→ Work request
Each line of the data below between the one containing "隨后,泰中僑商聯合會副主席馬" and the one containing "1853 清代 咸豐重寶-寶福一十計重/", both included, is to be repeated exactly. Please omit pictures.

→ The input
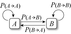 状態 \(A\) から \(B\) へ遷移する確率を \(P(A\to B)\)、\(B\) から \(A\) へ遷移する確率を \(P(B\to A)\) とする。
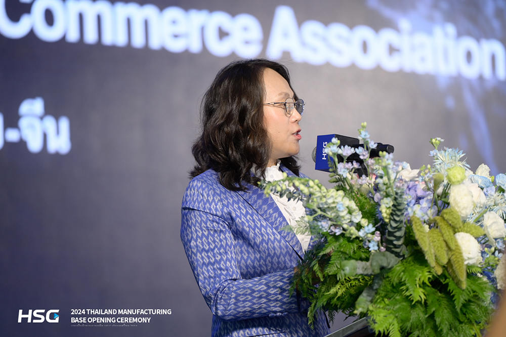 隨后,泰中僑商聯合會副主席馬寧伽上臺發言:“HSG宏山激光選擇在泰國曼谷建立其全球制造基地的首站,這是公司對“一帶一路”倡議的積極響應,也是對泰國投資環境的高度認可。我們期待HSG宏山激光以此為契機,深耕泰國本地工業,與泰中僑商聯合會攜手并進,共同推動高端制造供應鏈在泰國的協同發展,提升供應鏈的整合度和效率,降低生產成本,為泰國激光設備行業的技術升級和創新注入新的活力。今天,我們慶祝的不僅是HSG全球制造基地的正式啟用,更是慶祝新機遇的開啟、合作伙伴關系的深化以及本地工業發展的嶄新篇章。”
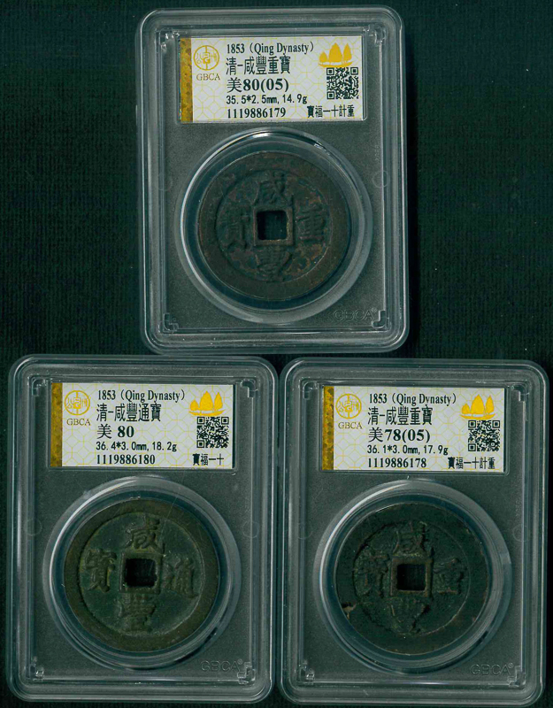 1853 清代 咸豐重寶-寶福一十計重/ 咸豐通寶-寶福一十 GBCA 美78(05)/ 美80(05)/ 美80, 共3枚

--

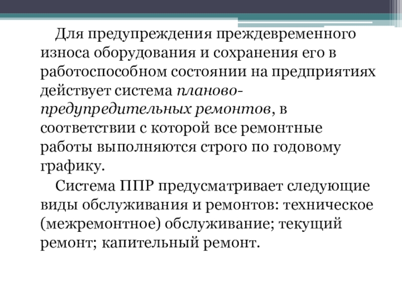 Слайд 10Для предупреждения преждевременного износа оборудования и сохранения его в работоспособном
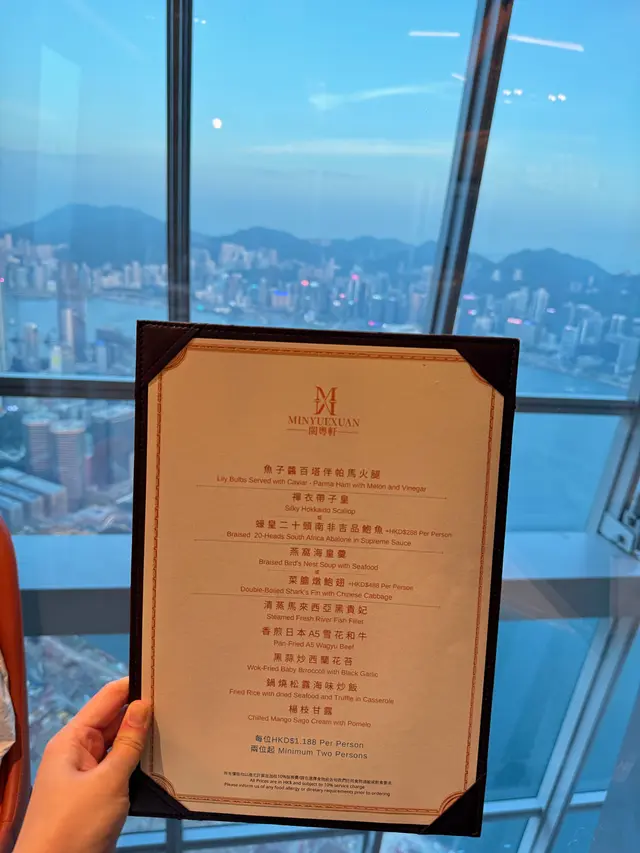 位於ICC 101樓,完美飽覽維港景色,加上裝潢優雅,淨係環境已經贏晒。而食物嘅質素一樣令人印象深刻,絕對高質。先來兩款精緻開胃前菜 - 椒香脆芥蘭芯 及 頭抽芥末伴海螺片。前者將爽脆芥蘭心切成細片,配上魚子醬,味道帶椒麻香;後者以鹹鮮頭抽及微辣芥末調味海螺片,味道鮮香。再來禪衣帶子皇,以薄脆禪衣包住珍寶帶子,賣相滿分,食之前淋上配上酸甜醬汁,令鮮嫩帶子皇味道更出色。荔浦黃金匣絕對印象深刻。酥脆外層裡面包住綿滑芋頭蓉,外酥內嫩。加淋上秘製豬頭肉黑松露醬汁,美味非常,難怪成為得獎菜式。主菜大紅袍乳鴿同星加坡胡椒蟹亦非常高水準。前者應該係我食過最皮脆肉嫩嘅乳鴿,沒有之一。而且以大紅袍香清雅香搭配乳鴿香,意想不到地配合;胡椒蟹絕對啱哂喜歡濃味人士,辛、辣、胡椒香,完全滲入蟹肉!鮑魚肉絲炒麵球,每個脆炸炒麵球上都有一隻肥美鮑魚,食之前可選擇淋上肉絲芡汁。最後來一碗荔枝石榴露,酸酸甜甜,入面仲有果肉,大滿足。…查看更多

→ Response to this exercise
 隨后,泰中僑商聯合會副主席馬寧伽上臺發言:“HSG宏山激光選擇在泰國曼谷建立其全球制造基地的首站,這是公司對“一帶一路”倡議的積極響應,也是對泰國投資環境的高度認可。我們期待HSG宏山激光以此為契機,深耕泰國本地工業,與泰中僑商聯合會攜手并進,共同推動高端制造供應鏈在泰國的協同發展,提升供應鏈的整合度和效率,降低生產成本,為泰國激光設備行業的技術升級和創新注入新的活力。今天,我們慶祝的不僅是HSG全球制造基地的正式啟用,更是慶祝新機遇的開啟、合作伙伴關系的深化以及本地工業發展的嶄新篇章。”
 1853 清代 咸豐重寶-寶福一十計重/ 咸豐通寶-寶福一十 GBCA 美78(05)/ 美80(05)/ 美80, 共3枚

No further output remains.